Joseph Andrews By Henry Fielding Book III: Chapter 1

I shall now proceed to apply these observations to the work before us; for indeed I have set them down principally to obviate some constructions which the good nature of mankind, who are always forward to see their friends' virtues recorded, may put to particular parts. I question not but several of my readers will know the lawyer in the stage-coach the moment they hear his voice. It is likewise odds but the wit and the prude meet with some of their acquaintance, as well as all the rest of my characters. To prevent, therefore, any such malicious applications, I declare here, once for all, I describe not men, but manners; not an individual, but a species. Perhaps it will be answered, Are not the characters then taken from life? To which I answer in the affirmative; nay, I believe I might aver that I have writ little more than I have seen. The lawyer is not only alive, but hath been so these four thousand years; and I hope G — will indulge his life as many yet to come. He hath not indeed confined himself to one profession, one religion, or one country; but when the first mean selfish creature appeared on the human stage, who made self the centre of the whole creation, would give himself no pain, incur no danger, advance no money, to assist or preserve his fellow-creatures; then was our lawyer born; and, whilst such a person as I have described exists on earth, so long shall he remain upon it. It is, therefore, doing him little honour to imagine he endeavours to mimick some little obscure fellow, because he happens to resemble him in one particular feature, or perhaps in his profession; whereas his appearance in the world is calculated for much more general and noble purposes; not to expose one pitiful wretch to the small and contemptible circle of his acquaintance; but to hold the glass to thousands in their closets, that they may contemplate their deformity, and endeavour to reduce it, and thus by suffering private mortification may avoid public shame. This places the boundary between, and distinguishes the satirist from the libeller: for the former privately corrects the fault for the benefit of the person, like a parent; the latter publickly exposes the person himself, as an example to others, like an executioner.

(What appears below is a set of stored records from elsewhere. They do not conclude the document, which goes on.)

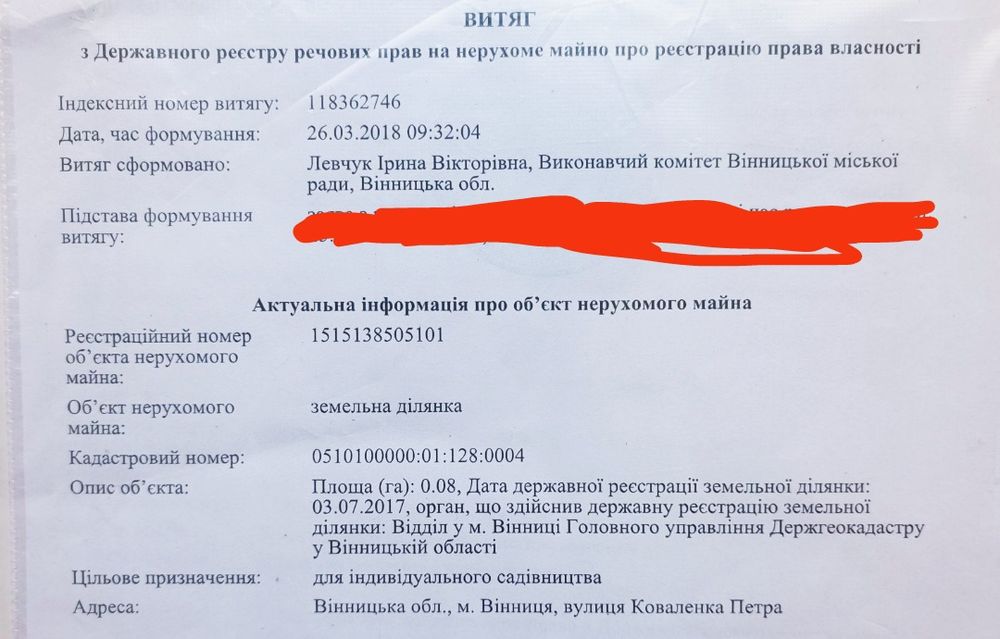 | Земельна ділянка: |
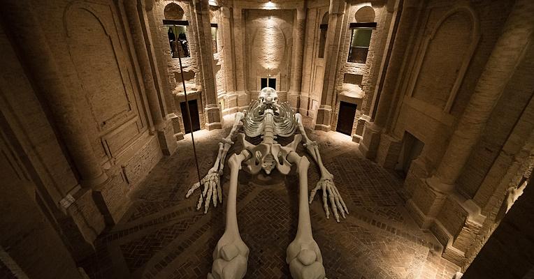 The "Cosmic Magnet" is a contemporary artwork by Gino de Dominicis. It's housed at the Italian Center of Contemporary Art inside the ancient Church of the Holy Trinity. It is a sculpture representing a monumental anthropomorphic skeleton, with the exception of a bird's beak in place of the nose.
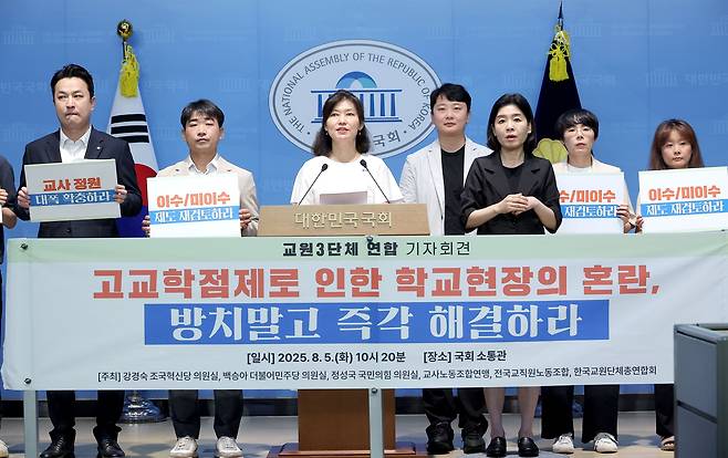 | ▲ 5일 서울 여의도 국회 소통관에서 열린 고교학점제 재검토 촉구 교원 3단체 연합 기자회견에서 조국혁신당 강경숙 의원이 발언하고 있다. 2025.8.5 |
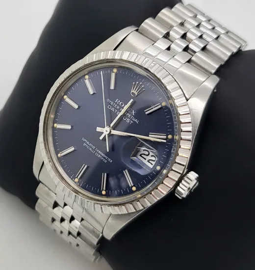 Pre-owned gentleman's Rolex Oyster Perpetual Datejust, automatic movement, blue dial with baton hour markers, acrylic crystal glass, stainless steel case with engine turned bezel, stainless steel Oyster bracelet, with box, no papers, very good condition, dated 1983.

There are besides little circumstances to be considered; as the drapery of a picture, which though fashion varies at different times, the resemblance of the countenance is not by those means diminished. Thus I believe we may venture to say Mrs Tow-wouse is coeval with our lawyer: and, though perhaps, during the changes which so long an existence must have passed through, she may in her turn have stood behind the bar at an inn, I will not scruple to affirm she hath likewise in the revolution of ages sat on a throne. In short, where extreme turbulency of temper, avarice, and an insensibility of human misery, with a degree of hypocrisy, have united in a female composition, Mrs Tow-wouse was that woman; and where a good inclination, eclipsed by a poverty of spirit and understanding, hath glimmered forth in a man, that man hath been no other than her sneaking husband.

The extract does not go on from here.